葉山町一色海岸 湘南Styleな海の家
前回、ご依頼を受けました葉山一色海岸での海の家プロジェクト。
さっそく色んな要望を伺うべく、昨日に中尾建築工房にお越し頂きました。
そしてその後、ちょっと浜辺の環境をお教えしたいと思いまして、現地へとお連れしたんです。
ちょうど最近はシケが続いていたから、ある意味で悪いコンディションな訳です。
そういった悪い条件の時を見る事が実に大事なんですよね。
悪天候の現地を見る事は、オープンしてから自然の猛威に驚いて、対応に追われてバタバタするよりも、先に理解してもらってからプランニングを立てて行った方のが、テナントの方にも理解しやすいでしょうし、私達の意見も取り込みやすいんじゃないかなって思いました。
富士山の見える夕焼けはとてもキレイ。
だけどこの時の風速は西の風で風速は10m未満です。
私みたいにスリムなタイプの人は、思わず風で飛ばされそうになります。
ん・・
今、なにか変な間があったけど、気にしないでそのまま進めるとしよう。
さて、家を建てる時に、私達は色んな要望を伺っておりますけれども、聞くだけ聞いたら、その土地に建てるメリットデメリットのご説明をさしあげた上でプランニングを進めております。
では、海の家の場合は果たしてどうなるか?
これはもう、はっきり申し上げまして、一般的な住宅とは比較にならない位、建築する上での条件が悪いんです。
なので、色んな事を言われた上で、その殆どが『やりたいのは分かるんだけど、そのまま造ったら、海の家が道路沿いにある上の家にぶつかっちゃいますよ。
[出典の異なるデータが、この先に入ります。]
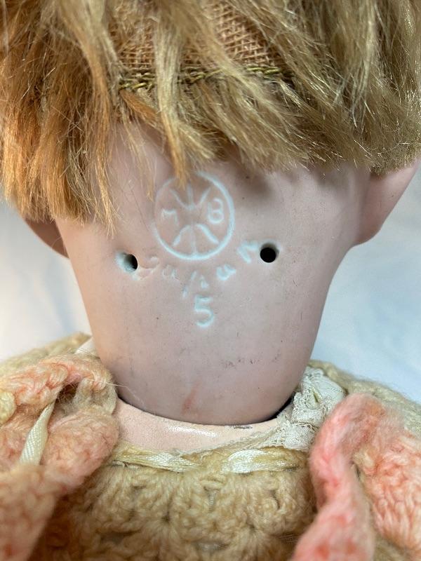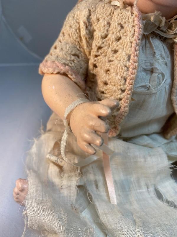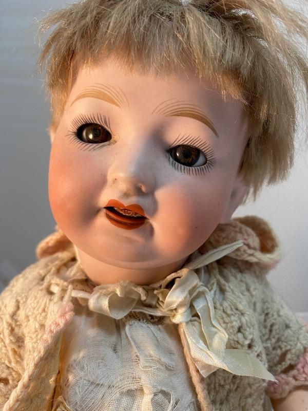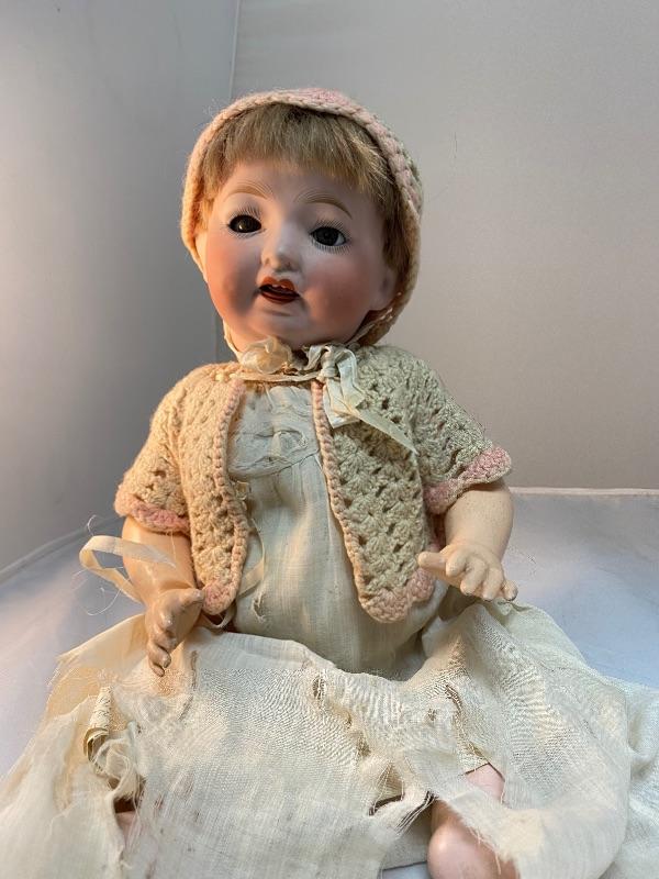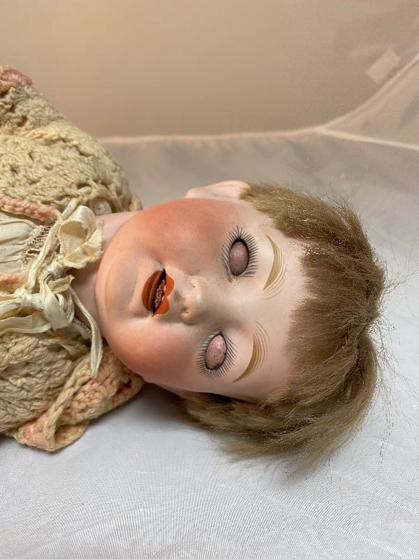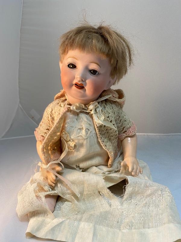 Vintage Doll. Porcelain head with a jointed composite body. Sleep eyes, open mouth. Dusty and dirty from age and display. No cracks in porcelain, but some cracks in composite.
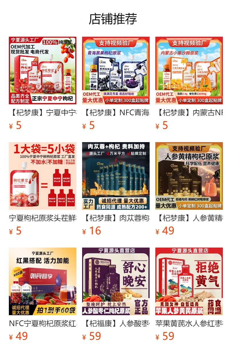 【杞夢康】寧夏中寧クコパルプ工場NFC生果生搾り原汁卸売ロット電気商代発
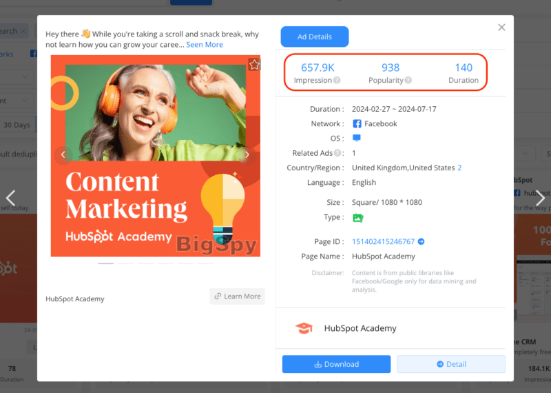 Among BigSpy’s most invaluable features are its detailed ad insights. Users can access metrics such as:
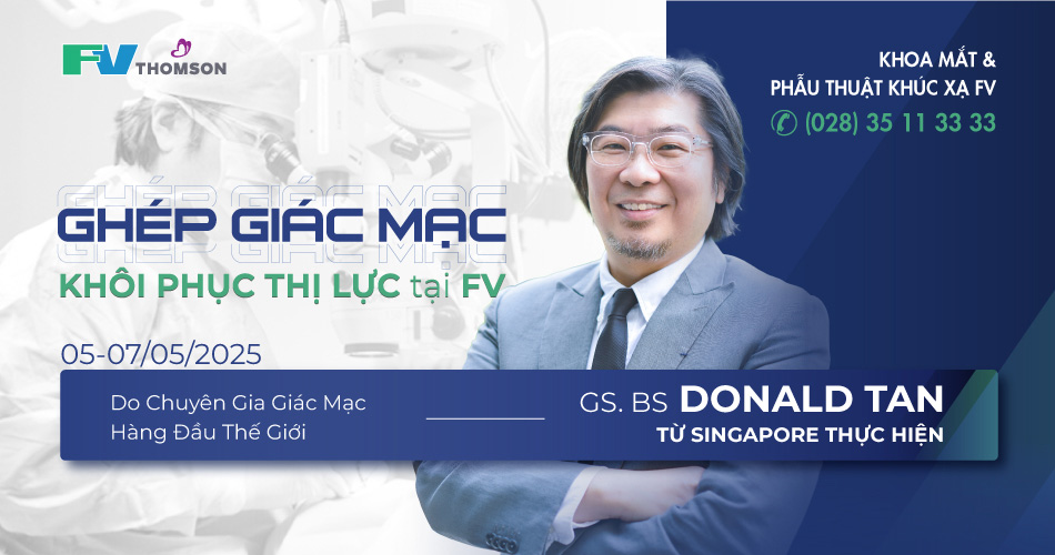 Nhằm mang đến cơ hội chữa trị các bệnh lý về giác mạc, từ ngày 05/05 – 07/05/2025, Giáo sư – Bác sĩ Donald Tan – Nguyên Chủ tịch Hiệp hội Giác mạc Thế giới đến từ Singapore, sẽ trực tiếp thăm khám và phẫu thuật ghép giác mạc cho bệnh nhân tại khoa Mắt – Bệnh viện FV.

。。』的な話をしたりします。
住宅と海の家で、根本的になにが違うかって言うと。。
そうねぇ・・
住宅はいわゆる建築物です。
建築確認申請も出しまして、構造上問題の無い事も設計者が確認しつつ、特定行政庁の方でも確認をします。
その上で建てられる訳ですが、建築途中にも検査が入りますから、まぁきちんとしていると言えば、きちんとしているやり方です。
では海の家は?
海の家の場合、仮設建築物です。
そう、一番強調しなくてはならないのが、仮設だって事。
海岸のそれぞれの区画を占有する為の許可やマナー面での申請などは行いますし、保健所や消防の指導にも準じた上で進めていきます。
でも、建築確認申請があるかって言うと、住宅ほどのものではありませんし、当然建築物としての安全を確認する検査もありません。
そうなんです、つまりは仮設の建築物であるから、建物の構造は各自で責任を取ってねと言う形になります。
私達は地元の設計事務所であり、実際に施工を行う工務店も兼ねておりますし、プライベートもこの辺りのどこかで過ごしています。
そうすると、当然『あれ、やばいだろ・・・』という造りの海の家を見れば、やっぱり台風や低気圧が来た時に、営業出来る状態ではない海の家も結構見てきました。
そもそも、海の家は仮設の建築物だし、住宅とは違って基礎工事をする概念がありません。
だって毎年壊す訳だし、基礎を壊すなんて事は、ものすごい金額が掛かってしまいます。
だから基礎を造って建てる海の家は無いわけなんですよね。
当然、基礎が無いって事は、ある程度は感覚で進めて行く形になります。
その感覚で必要となってくるが、面で造るのではなくて、ストラクチャーで造るという感覚。
これで分かるかな。。
これ、もう夜になってしまっていたので暗いのですが、私のタバコケースをちょこっと砂浜に埋めてみたのと、その辺に転がっていた木の枝を使って例にしてみました。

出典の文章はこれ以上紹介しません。